WHAT IS REQUIRED:
Set the pictures aside and return each record below precisely as written.

DATA PROVIDED:
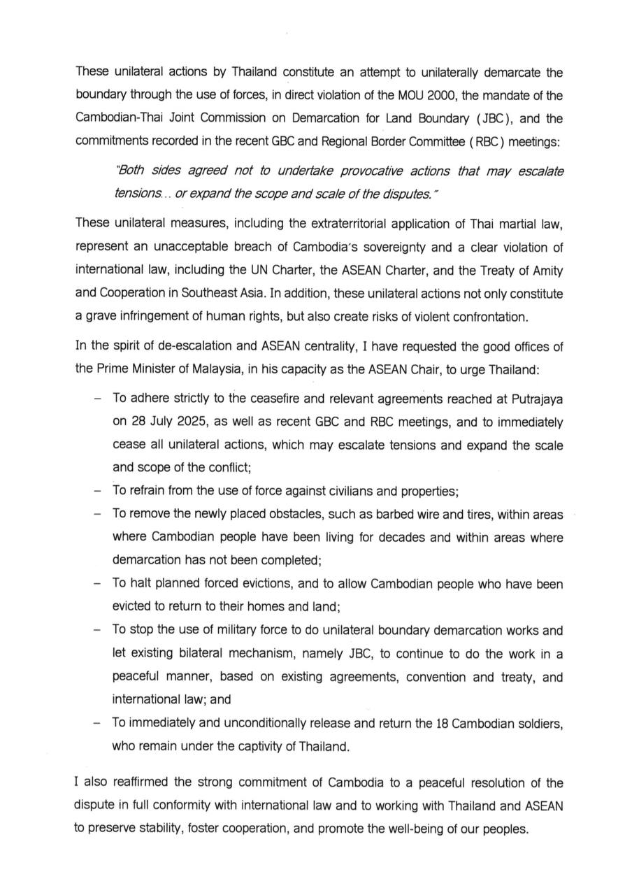 These unilateral measures, including the extraterritorial application of Thai martial law, represent an unacceptable breach of Cambodia’s sovereignty and a clear violation of international law, including the UN Charter, the ASEAN Charter, and the Treaty of Amity and Cooperation in Southeast Asia. In addition, these unilateral actions not only constitute a grave infringement of human rights, but also create risks of violent confrontation. In the spirit of de-escalation and ASEAN centrality, I have requested the good offices of the Prime Minister of Malaysia, in his capacity as the ASEAN Chair, to urge Thailand:
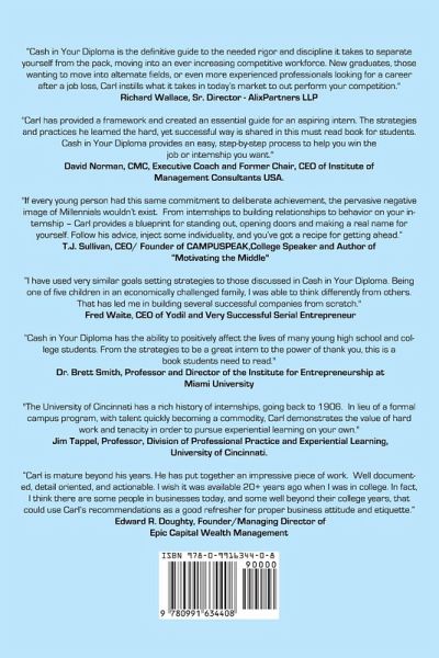 Cash in Your Diploma is an easy to follow guide on how to get the internship or job that you want. It is written from a college student's perspective to provide the most up to date strategies and tactics for a successful search. This is a must read for students graduating high school and any student in college looking to get ahead on their career. Cash in Your Diploma is applicable to anyone, regardless of your background.
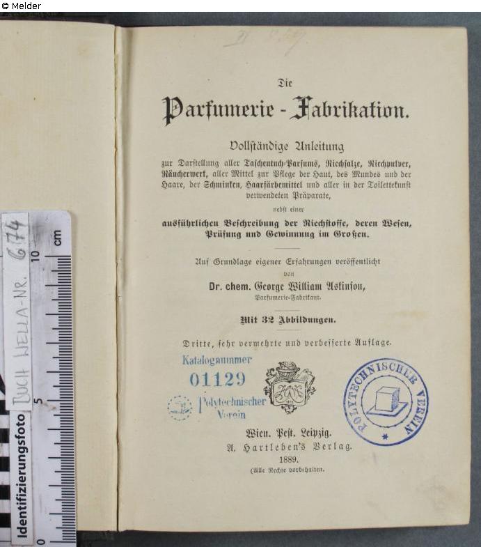 vollständige Anleitung zur Darstellung aller Taschentuch-Parfums, Riechsalze, Riechpulver, Räucherwerk ... ; nebst einer ausführlichen Beschreibung der Riechstoffe, deren Wesen, Prüfung und Gewinnung im Großen, auf Grundlage eigener Erfahrungen
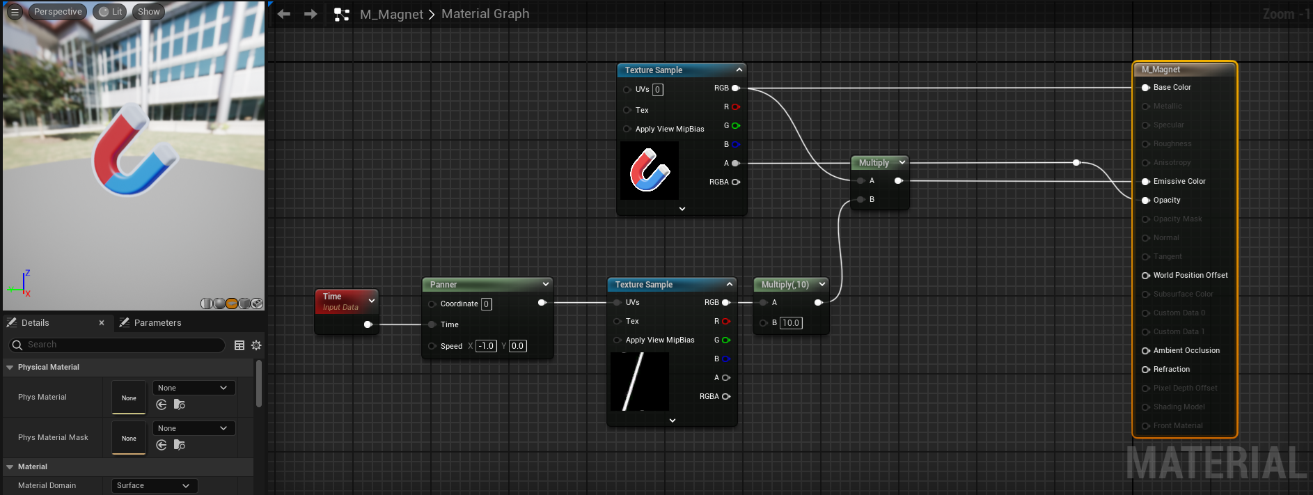 - Panner의 아웃핀을 텍스쳐 샘플의 UVs 인풋에 연결
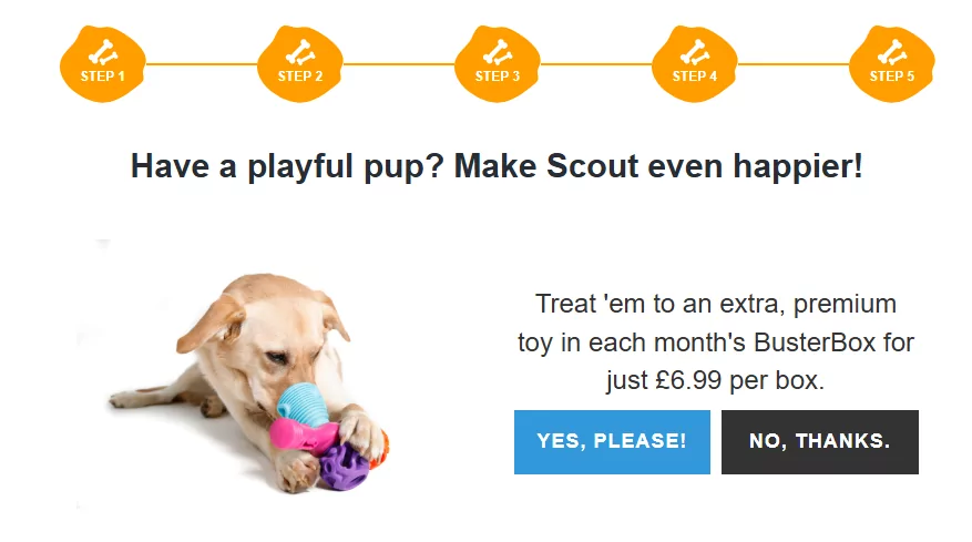 Subbly customer Busterbox presents its upselling offer during the initial sign-up process. This allows the company to quickly secure additional revenue from customers willing to spend more on their dog.

EXERCISE RESPONSE:
 These unilateral measures, including the extraterritorial application of Thai martial law, represent an unacceptable breach of Cambodia’s sovereignty and a clear violation of international law, including the UN Charter, the ASEAN Charter, and the Treaty of Amity and Cooperation in Southeast Asia. In addition, these unilateral actions not only constitute a grave infringement of human rights, but also create risks of violent confrontation. In the spirit of de-escalation and ASEAN centrality, I have requested the good offices of the Prime Minister of Malaysia, in his capacity as the ASEAN Chair, to urge Thailand:
 Cash in Your Diploma is an easy to follow guide on how to get the internship or job that you want. It is written from a college student's perspective to provide the most up to date strategies and tactics for a successful search. This is a must read for students graduating high school and any student in college looking to get ahead on their career. Cash in Your Diploma is applicable to anyone, regardless of your background.
 vollständige Anleitung zur Darstellung aller Taschentuch-Parfums, Riechsalze, Riechpulver, Räucherwerk ... ; nebst einer ausführlichen Beschreibung der Riechstoffe, deren Wesen, Prüfung und Gewinnung im Großen, auf Grundlage eigener Erfahrungen
 - Panner의 아웃핀을 텍스쳐 샘플의 UVs 인풋에 연결
 Subbly customer Busterbox presents its upselling offer during the initial sign-up process. This allows the company to quickly secure additional revenue from customers willing to spend more on their dog.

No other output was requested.